Но я забыл, что не остаются забытыми наши деяния перед богами… что Горящий не любит неправды – и воздаянье всегда падёт карой на тех, кто недостоин Чертогов Клинков, кто замарал себя кровью сородичей. И неведомы нам те пути, по которым придёт оно к нам в его яростном гневе… Я – старый дурак, что прожил дольше многих иных – не смог к старости даже унять ту гордыню и зависть, как глупый юнец… Годами она отравляла мой разум, лишая рассудка – мне, сыну Дейна, в ком течет его чистая кровь, словно мало было всей той причитавшейся славы, я не мог разделить её с кем-то иным – как мне мнилось того не достойным.
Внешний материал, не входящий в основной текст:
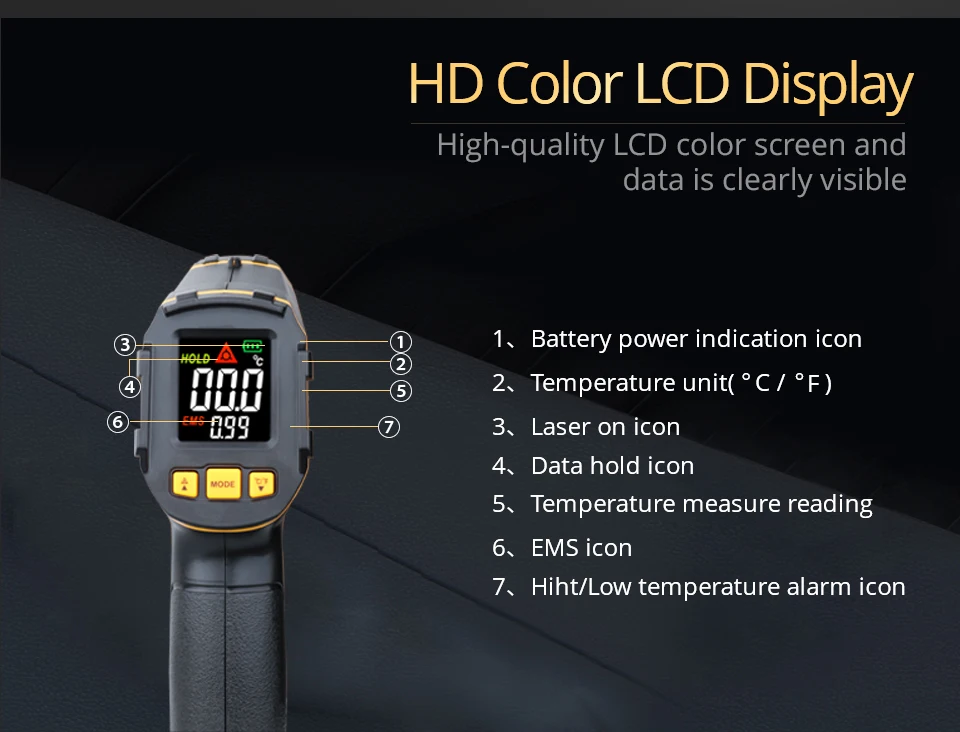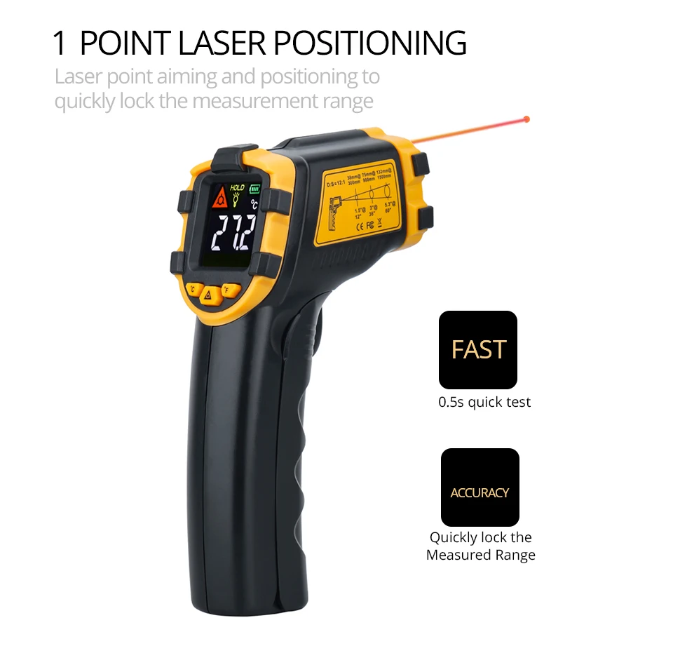 Este termómetro infrarrojo sin contacto digital es una pistola de medición de temperatura industrial confiable utilizada para medir la temperatura de la superficie de un objeto de forma segura y rápida en menos de un segundo. Puede ser ampliamente utilizado en la industria del petróleo y química, ferrocarril, electricidad, Procesamiento textil, etc.

И я поддался подлейшим из чувств, пролив кровь соплеменников, истребив их там всех до единого, прежних товарищей с побратимами, весь орн Ходура с жёнами и детьми – всех воедино.
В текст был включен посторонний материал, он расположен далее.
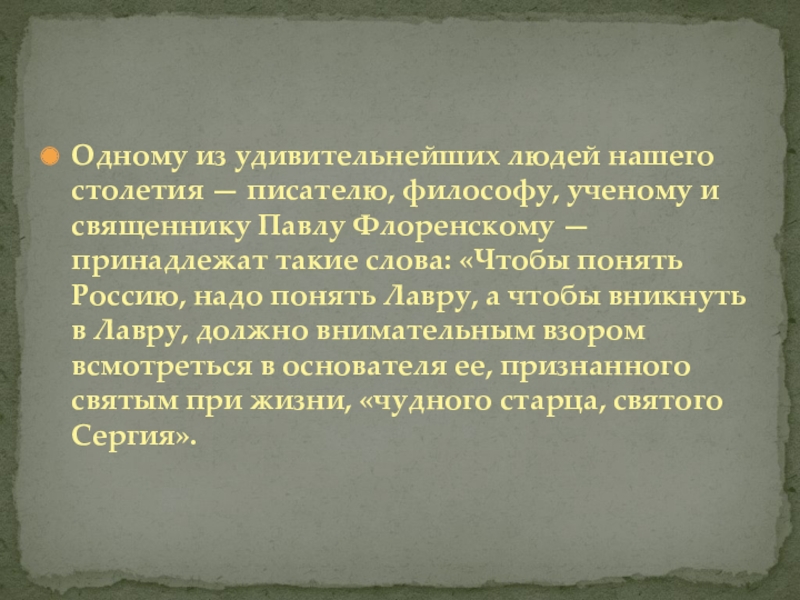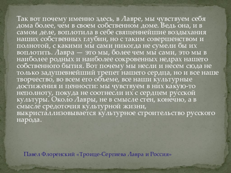 Павел Флоренский «Троице-Сергиева Лавра и Россия»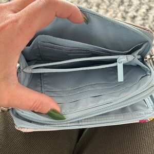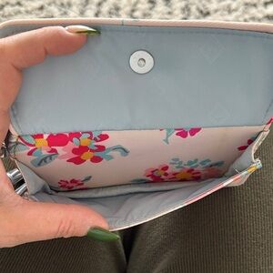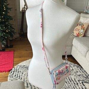 Vera Bradley Crossbody Wallet | Floral RFID Zip Wallet Bag Pink and Blue

Как тот трус я вину свою даже укрыл, чтоб никто из живущих не смел и подумать, что я сам есть причина того злодеяния, а внимал бы лишь с трепетом глупой молве – будто Гнев Всеотца забрал Львов его стрелами ярости. Да, ночной ливень там смыл все следы человечьего дела на том пепелище… а самих же злодеев пожрало железо – всех, прежде чем хоть один их язык смог поведать бы что-то…

И память людская порою ведь так неверна… Кто теперь из дейвонов хоть молвит о Львах и их славе воителей, кто хоть вспомнит о них – раз на самом их имени нынче незримой печатью лежит та худая молва о погибельном Гневе Горящего, прочно сверзшая страхом уста?
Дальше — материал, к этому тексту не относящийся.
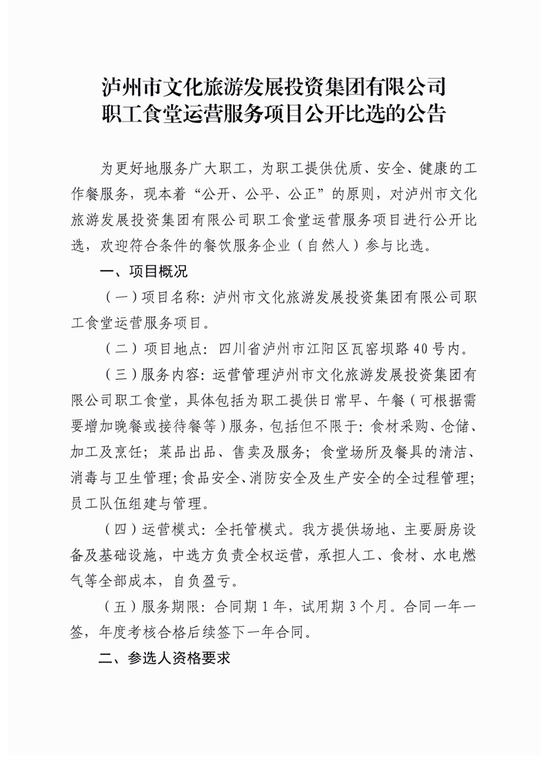 泸州市文化旅游发展投资集团有限公司职工食堂运营服务项目公开比选的公告

Эрха хрипло вздохнул. Грудь его тряслась от волнения.

– Но Всеотец не хранит жалости к преступившим им данные прежде законы и нарушившим святость уз крови. Я, слепой безрассудный глупец, как дитя полагался наивно, что сойдёт с рук то кровопролитие – и людьми уже прочно забытое – что мало кто вспомнит о Львах и их славе – о том, что они прежде были средь нас. И хоть душе моей с тех пор ни разу не было спокойно, не узрел я своим чёрствым сердцем те грозные знаки, что ниспослал мне Горящий в его справедливейшем гневе – и не покаялся прежде ни разу.

Скригга снова схватил Майри за руку.

– Сама ты, моя девочка, как я после прозрил, была тем первым знаком, что явил мне Горящий – едва я свершил это чёрное дело. Знаешь ли ты, почему я тебе дал то имя, посвящённое Ей– Майре, древней Богине, Праматери и Убийце – дарующей и отнимающей? Твоя родительница Бру?ла чаяла наречь тебя при рождении иным девичьим именем – У?льглейн, птаха. Но ты родилась в ту ночь из её чрева со знаком – твои волосы на головке были черны, черны от запёкшейся крови в них – как у неё, Окормляющей Воронов и Влекущей Войну, чьи огнекудрые пряди все в саже пожарищ и тысяч огней погребальных костров…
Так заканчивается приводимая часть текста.